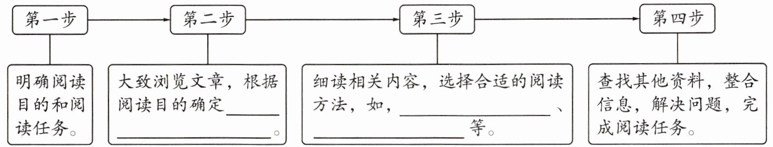 一 参加闯关前,对于如何“有目的地阅读”,小杭整理了基本策略,请帮他补充完整。
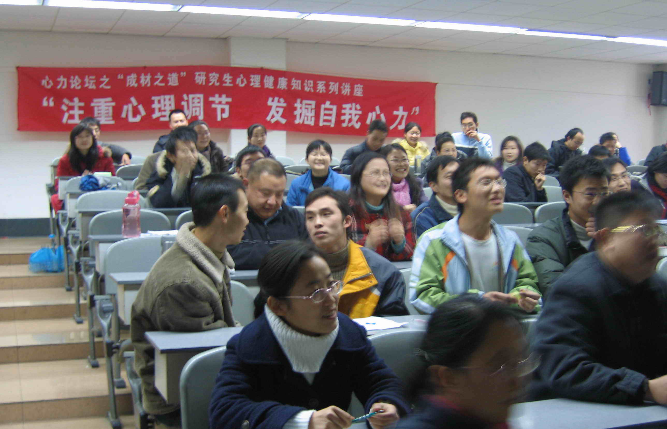 与和西南交通大学学生处联合举办,信息科学与技术学院和西南交通大学心理学会承办的“心力论坛”“成才之道”――研究生心理健康知识系列讲座《注重心理调节,发掘自我心力》的专题讲座正在进行。 为了举办这次讲座,特地邀请到了四川大学华西临床医学院医学心理学博士、现任西华大学心理科学研究所所长、心理咨询澳门六合彩开奖直播
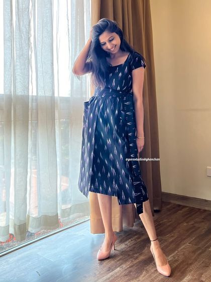 Hi, I’m Kanchan, running Yuva Studios out of Seawoods, Navi Mumbai. My studio’s small but it’s where I pour all my love for Indian fabrics. Pure cotton, Ikat, that’s my jam. I grew up loving our roots, so I make clothes that feel like home but look fresh. When folks from the Marathi scene, like Vanita Kharat or Bhadipa, wear my stuff, I get super proud. For Sarang’s 'भाड्याची birthday पार्टी' (Bhadipa's birthday party), I even made a special topi. I just want people to feel good in what they wear.
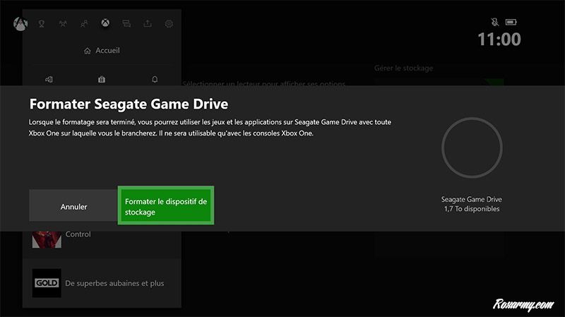 L’installation consiste à raccorder le disque au port USB de la console. Un choix est alors proposé pour le stockage de médias ou des jeux et applications. Pour cette option, il est obligatoire de déterminer si le Game Drive servira d’emplacement par défaut puis de le formater. Avec ses 2 To de capacité, il fonctionne alors comme le disque interne.
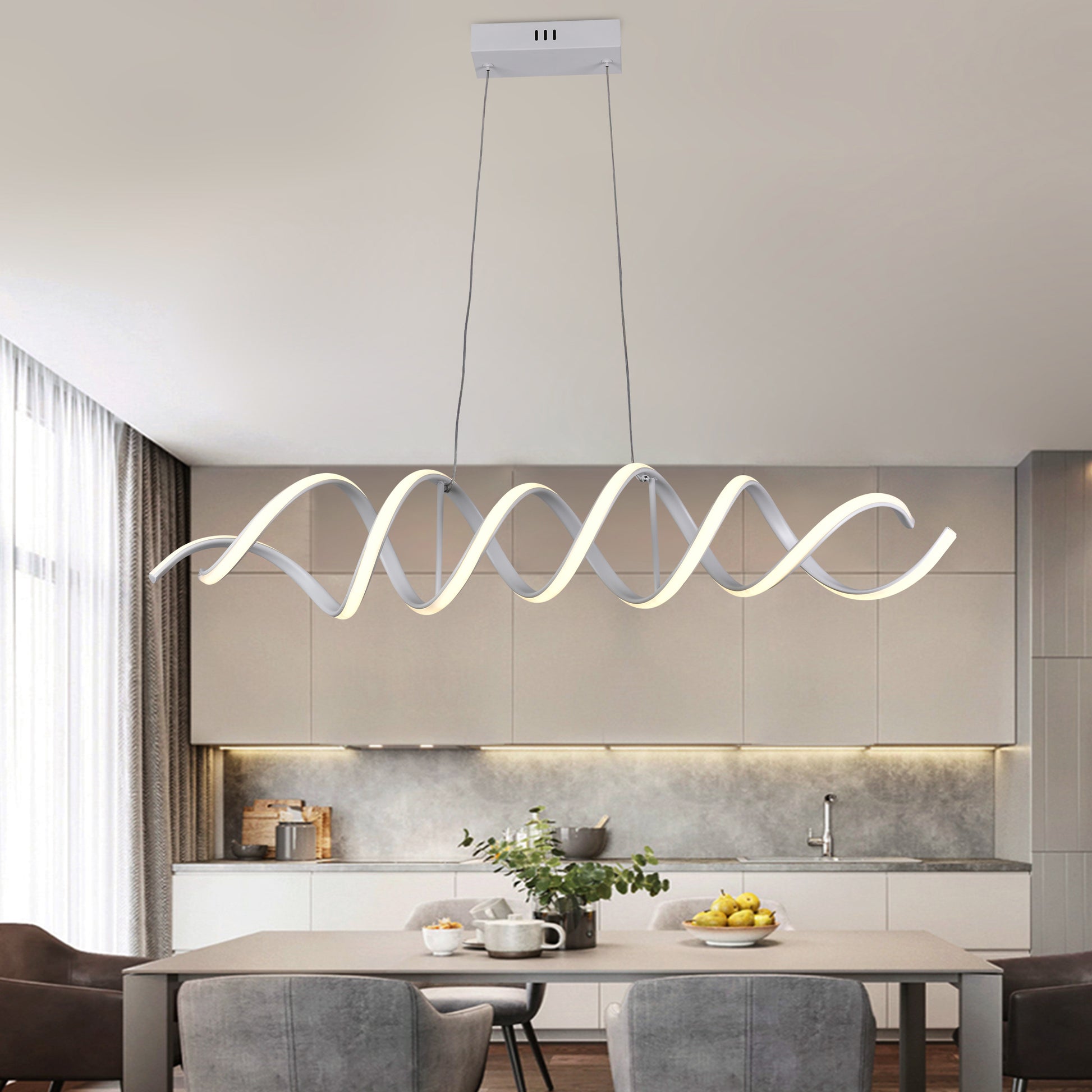 La lámpara colgante COSMOS / 6121 es un espectáculo de luz y diseño moderno. Su estructura de aros de aluminio entrelazados crea un vórtice dinámico y lineal, mientras que tiras de LED integradas dirigen la luz hacia el centro del espiral para un efecto visual impactante. Totalmente regulable en intensidad y temperatura de color mediante control remoto y app, COSMOS / 6121 combina arte y funcionalidad para transformar cualquier espacio.

* * *

Each entry shown above must be quoted exactly, with its pictures left out.

[Written answer]
 一 参加闯关前,对于如何“有目的地阅读”,小杭整理了基本策略,请帮他补充完整。
 与和西南交通大学学生处联合举办,信息科学与技术学院和西南交通大学心理学会承办的“心力论坛”“成才之道”――研究生心理健康知识系列讲座《注重心理调节,发掘自我心力》的专题讲座正在进行。 为了举办这次讲座,特地邀请到了四川大学华西临床医学院医学心理学博士、现任西华大学心理科学研究所所长、心理咨询澳门六合彩开奖直播
 Hi, I’m Kanchan, running Yuva Studios out of Seawoods, Navi Mumbai. My studio’s small but it’s where I pour all my love for Indian fabrics. Pure cotton, Ikat, that’s my jam. I grew up loving our roots, so I make clothes that feel like home but look fresh. When folks from the Marathi scene, like Vanita Kharat or Bhadipa, wear my stuff, I get super proud. For Sarang’s 'भाड्याची birthday पार्टी' (Bhadipa's birthday party), I even made a special topi. I just want people to feel good in what they wear.
 L’installation consiste à raccorder le disque au port USB de la console. Un choix est alors proposé pour le stockage de médias ou des jeux et applications. Pour cette option, il est obligatoire de déterminer si le Game Drive servira d’emplacement par défaut puis de le formater. Avec ses 2 To de capacité, il fonctionne alors comme le disque interne.
 La lámpara colgante COSMOS / 6121 es un espectáculo de luz y diseño moderno. Su estructura de aros de aluminio entrelazados crea un vórtice dinámico y lineal, mientras que tiras de LED integradas dirigen la luz hacia el centro del espiral para un efecto visual impactante. Totalmente regulable en intensidad y temperatura de color mediante control remoto y app, COSMOS / 6121 combina arte y funcionalidad para transformar cualquier espacio.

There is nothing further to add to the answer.